Re: interactive generation of URL's

Benjamin Franz (snowhare@netimages.com)
Mon, 15 Jul 1996 08:18:58 -0700 (PDT)


On Mon, 15 Jul 1996, Fred Melssen wrote:

> On one of my sites, people can access a database, by way of a perl
> cgi/method=post form. I'm adding some search utilities to this script.
> The first search is still submitted by a POST method. The results will
> contain URL's, (as if they were submitted by a GET method). This means
> that in theory, an unlimited amount of URL's can be generated.
>
> I can imagine, when robots (altavista) are querying my page, this will
> result in a generation of a *huge* amound of 'new' URL's on the spot, and
> an indexing of these 'URL's. This is not my problem, of course ;)
>
> But what is the best method to avoid this? My CGI-scripts trying to
> identify the robot? Use of robots.txt?...

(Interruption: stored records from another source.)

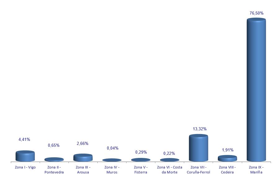| Zona VI - Costa da Morte | 244 | 48.770 | 0,22% | 191.543 | 0,19% | 3,93 |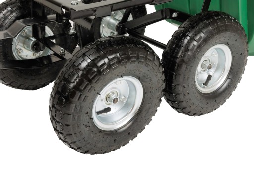 Wózki ogrodowe wyposażone zostały w skrętną oś, która zapewnia łatwe manewrowanie nawet przy bardzo dużym obciążeniu. Dzięki zastosowaniu stalowych materiałów konstrukcyjnych mamy pewność, że oś i cała konstrukcja wózka wytrzyma duże obciążenia.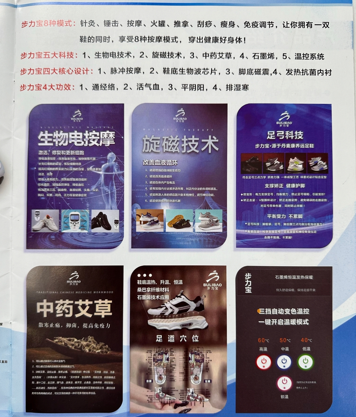 “普通鞋是代步工具,步力宝是康养医疗设备。”步力宝专卖店一位店主表示。 “它这个鞋只是做成鞋的样子,实际含有生物电。”该门店销售人员说,小孩生下来活蹦乱跳的,就是因为电量足,成年人慢慢电量就不足了,人体也需要充电。生物电在医学上就是通经活络,打通人体微循环的。脚底下最重要的涌泉穴,堵住了之后,人体的湿寒和毒素垃圾代谢不出去,就造成了高血压和糖尿病等。“穿上这个鞋之后,可以让人体的湿寒和毒素垃圾排出去”。 这位销售人员认为,从中医角度,步力宝解决了“毒”和“堵”的问题,从而解决了所有疾病的“病根”问题。 上述店主则举例表示,一位直肠癌患者,被医院下达了死亡通知书,穿上步力宝鞋一星期,就能自如下床了。还有一位糖尿病并发症患者,“脚底都流水了”,一个星期就“结伽”了。 “穿上这个鞋后,我的痔疮不知不觉就好了,”这位店主还以自身举例。 记者走访发现,多家步力宝专卖店的说辞都类似,均明示或暗示步力宝鞋“无病不医”。 步力宝鞋悬挂的吊牌显示,其制造商为福建省泉州健力鞋业公司,品名为运动休闲鞋,同样没有体现治疗保健等功能。记者拨打吊牌上健力鞋业公司电话,竟显示无此业务号码。 记者从市场监管部门获悉,目前,沈阳市步力宝家居生活馆、步力宝智能按摩鞋穿戴科技馆、步力宝智能穿戴科技馆等多家店铺因涉嫌虚假宣传已被立案调查。 曾因“涉嫌传销”被冻结资产? 记者查询还发现,步力宝宣称的五大科技,在河北吉力宝公司工商信息中并没有体现。
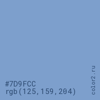 Цвет #7D9FCC в цветовой модели RGB обозначается тремя октетами (125, 159, 204) в десятичном формате и #7D9FCC в шестнадцатиричном (hex) формате, которые являются интенсивностью красного 125 (hex 7D), интенсивность зелёного 159 (hex 9F) и интенсивность синего 204 (hex CC).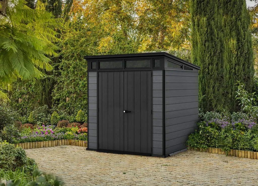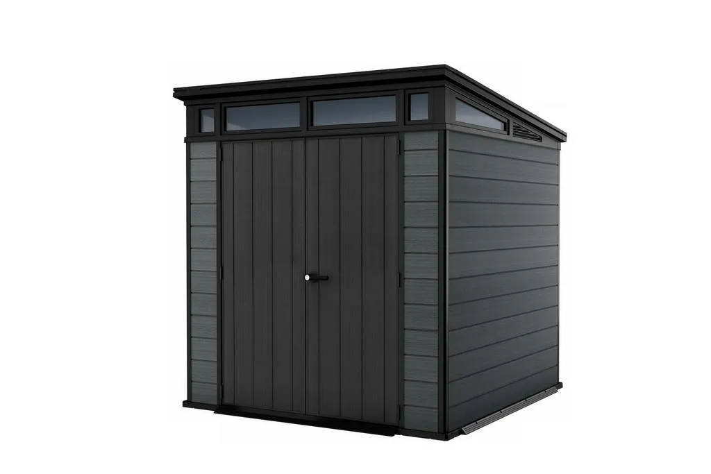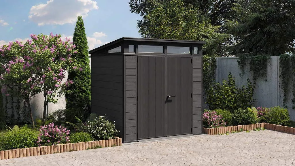 A CORTINA 7×7 szerszámos ház a modern dizájn és a funkcionalitás tökéletes egyensúlyát kínálja. Az egyoldalas tető, a három oldalon beépített tetőablakok és a letisztult, kétszárnyú ajtó kiemelik a ház eredeti és korszerű jellegét. Az innovatív EVOTECH™ kompozit anyagból készült kétrétegű falak rendkívüli tartósságot biztosítanak, miközben a felület textúrája megtévesztően hasonlít a természetes faanyagra, így elegáns megjelenést kölcsönöz a kertednek.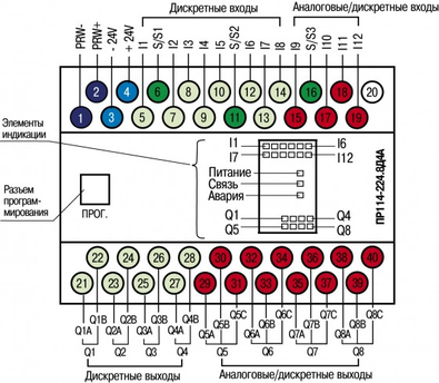 Рисунок 4.1 – Программируемое реле ПР114. Обозначение разъемов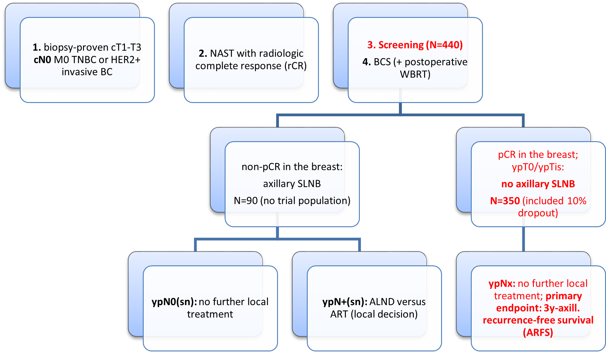 Improvements in systemic treatments for breast cancer have increased the rates of pathologic complete response (pCR) in patients receiving preoperative systemic therapy (PST), offering the opportunity to de-escalate, and perhaps eliminate, surgery in patients who have a pCR. We propose a clinical trial in which only patients with the highest likelihood of having a pCR after PST will be included and type of surgery will be defined according to the response to PST rather than on the classical T (for tumor size in the breast) and N (for axillary lymph node involvement) status at presentation. In the planned trial, axillary surgery will be eliminated completely (no axillary sentinel lymph node biopsy) for initially clinical node-negative patients with radiologic complete remission and a breast pCR as determined in the lumpectomy specimen.

The last. But it doesn't really matter unless the generated page generates
more URL's via HREFs in the infinite URL space. It is reasonably safe to
let the search engines look at result pages that do not link out of
themselves. The robots do not submit 'POST's, so they cannot generate new
pages unless the above condition is met. It isn't possible in general to
detect unknown robots unless they machine gun your server.

-- 
Benjamin Franz